The relation $I(V(J)) = \text{rad}(J)$ is a little abstract as stated. Unpacked, it says the following: let $R$ be a Jacobson ring, let $f_1, f_2, ... f_r \in R$ generate an ideal $J$, and let $g \in R$. Then exactly one of the following is true:

• $g \in \text{rad}(J)$, i.e. there exist $h_1, ... h_r \in R$ and $n \in \mathbb{N}$ such that $\displaystyle g^n = \sum_{i=1}^{r} h_i f_i$.
• $g \not \in I(V(J))$, i.e. there exists a point $x \in V(J)$ at which $g$ doesn’t vanish.

If $R$ is also Noetherian then this is true of every ideal. This is very useful because if $r$ is large then $J$ gets more complicated but $V(J)$ gets simpler, and it is usually easier to check if $g$ vanishes on $V(J)$ than to check if $g^n$ is a linear combination of a large number of $f_i$.

The introduction of radical ideals allows us to take a first stab at factorization. Define a minimal prime over an ideal $J$ to be the preimage of a minimal prime of $R/J$, or equivalently a prime containing $J$ which is minimal with respect to this property. Then if $J$ is radical, the intersection of the prime ideals of $R/J$, hence the intersection of the minimal prime ideals of $R/J$, is zero. It follows that $J$ is the intersection of the minimal prime ideals over $J$, and this representation is necessarily unique because it involves the entire set of minimal prime ideals. If $R$ is Noetherian and Jacobson, there are only finitely many such primes, and they are precisely the irreducible components of $V(J)$! So at least for radical ideals there is a more-or-less clear geometric picture of what’s going on.

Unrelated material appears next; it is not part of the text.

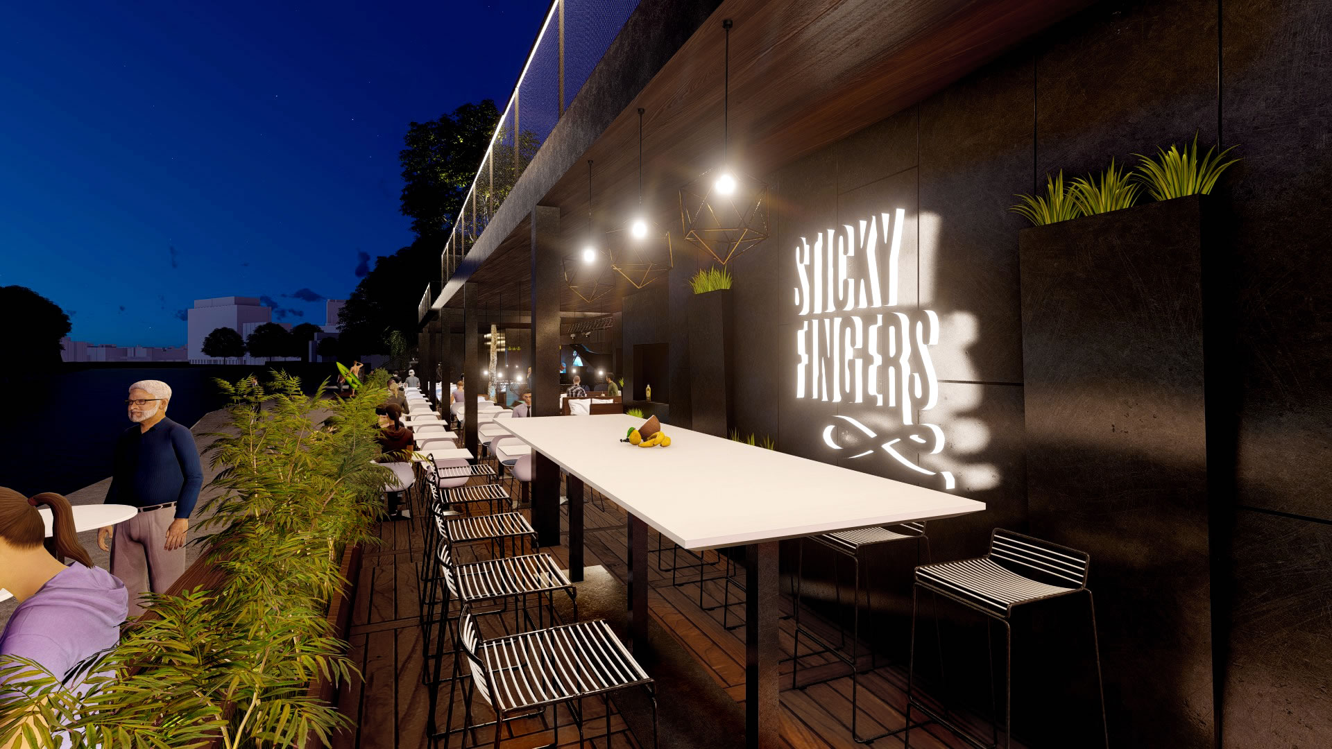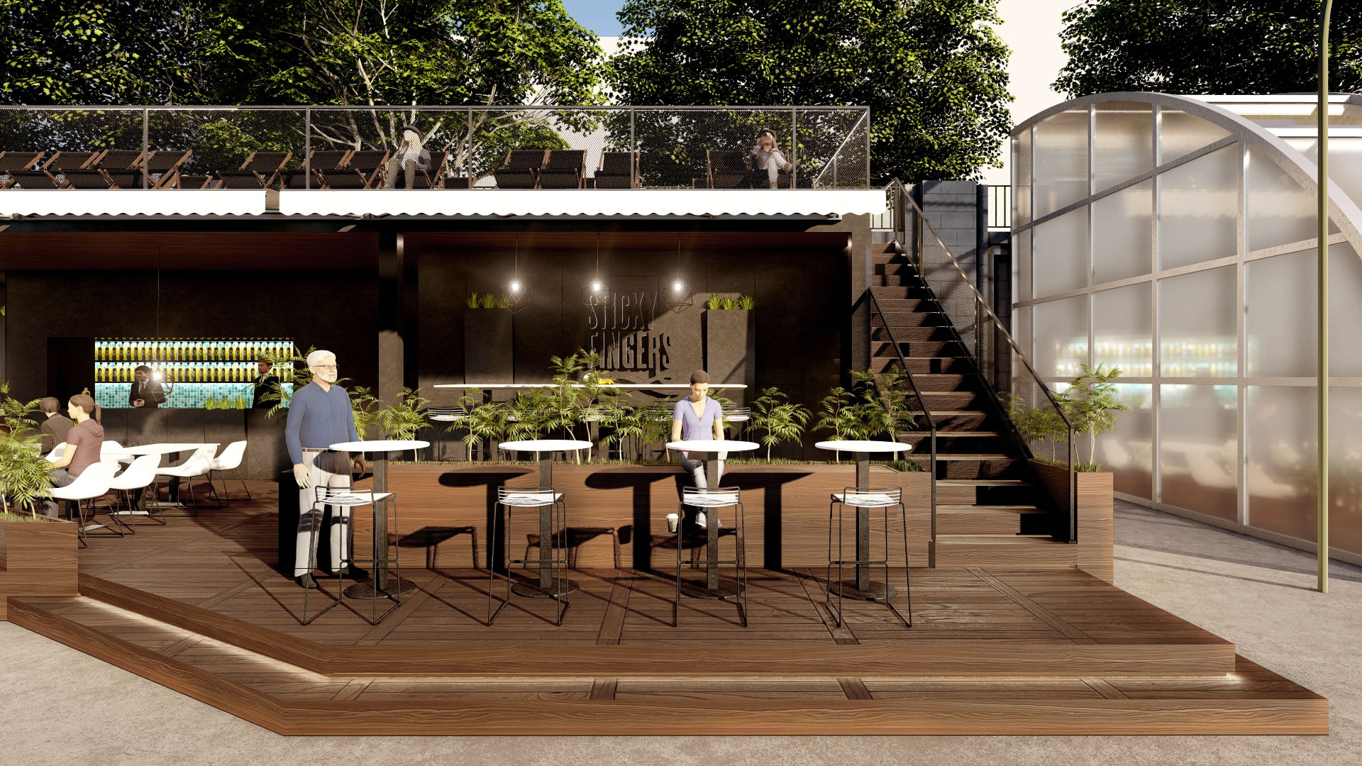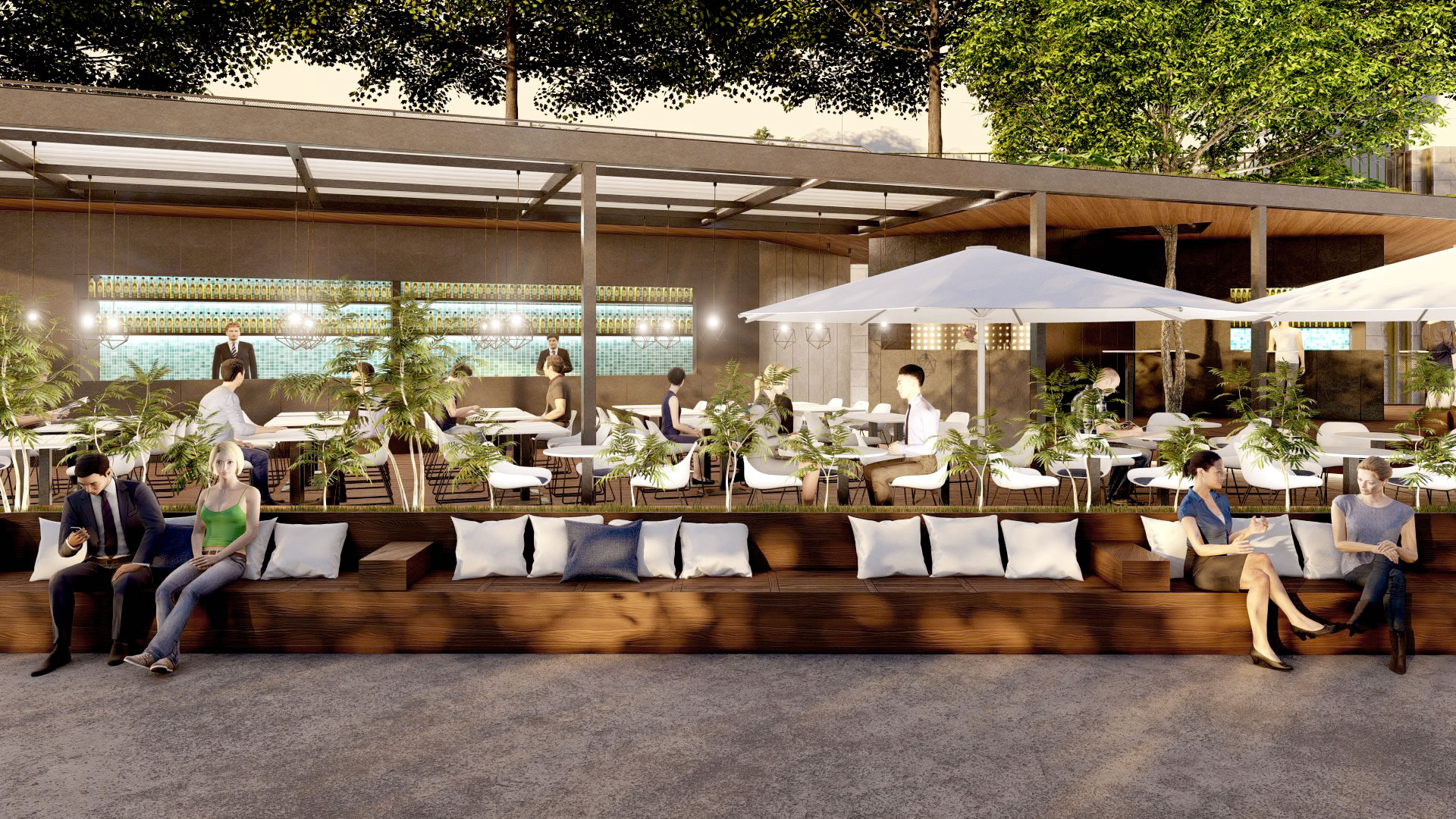 Neben den klassischen Gastrobereich mit Esstischen wird es auch eine Working-Lounge geben die BesucherInnen anziehen soll die bei gutem Wetter ihr Büro nach draußen verlagern wollen. Ausgestattet wird dieser Bereich mit genug Steckdosen und starkem W-LAN.

At this point we run into the issue that, in a setting where nonzero prime ideals are allowed to contain each other, prime factorization can only make sense if we restrict it to minimal primes, which have the unfortunate property that they depend on the ideal being considered. This is an issue of dimension, which we’ll discuss later.

Now, as nice as these results are, they don’t help us until we actually show that the rings we care about are Jacobson. The standard way of doing this from the weak Nullstellensatz makes the most sense in the context of localization, which we’ll discuss next.